Studio album by Cake
- Released: February 7, 1994
- Recorded: 1993
- Studio: Pus Cavern, Sacramento, CA
- Genre: Alternative rock; alternative country; experimental rock; lo-fi;
- Length: 43:12
- Label: Capricorn
- Producer: Cake

Cake chronology
|  | Motorcade of Generosity (1994) | Fashion Nugget (1996) |

Singles from Motorcade of Generosity
- "Rock 'n' Roll Lifestyle" Released: 1993; "Jolene" Released: 1995; "Ruby Sees All" Released: 1995;

= Motorcade of Generosity =

Motorcade of Generosity is the debut studio album by American alternative rock band Cake.
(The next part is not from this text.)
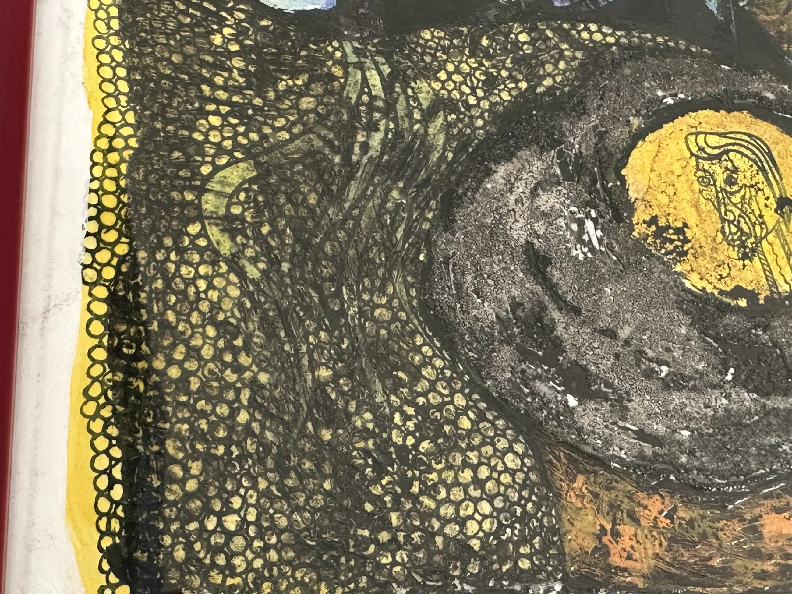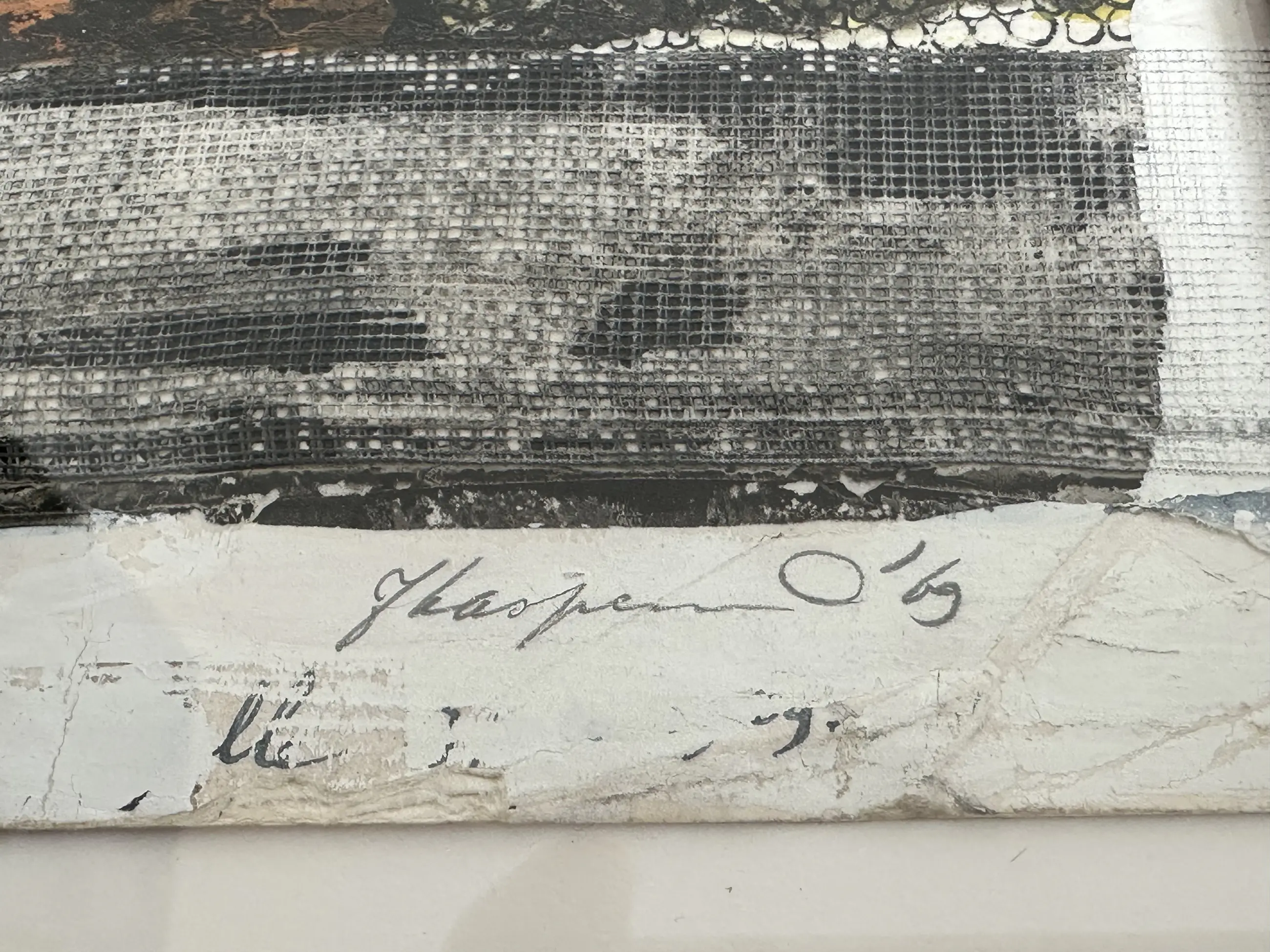 Bijzonder aansprekend kunstwerk waarvan de signatuur moeilijk is te lezen. Uit de titel valt af te leiden dat het zijn oorsprong vindt in Friesland in 1969. Het is nummer 6 uit een oplage van 7. Er zit het nodige relief in het werk en er is gebruikt gemaakt van diverse materialen, wat het werk een zeer levendige uitstraling geeft. Gezien de gemengde technieken moet elk werk afzonderlijk zijn gemaakt en m.i. ondanks de nummering uniek.

It was recorded at the Pus Cavern studio in Sacramento, California, and released through Capricorn Records on February 7, 1994.

According to Pitchfork reviewer Madison Bloom, Motorcade of Geneoristy is a lo-fi album with "warm and close" songs that pull from different musical styles, such as honky-tonk and ranchera, and compared its style to "trailing notes down a stairwell into some subterranean tavern, where a cantina band plays over clinking pints." Music critic Daryl Cater deemed it an example of funky, guitar-oriented "quirk-rock" reminiscent of Phish's "genre-hopping jams".

==Release==
On January 14, 2009, a limited edition orange vinyl re-issue of the album was made available for purchase on the band's official website. It sold out in two days.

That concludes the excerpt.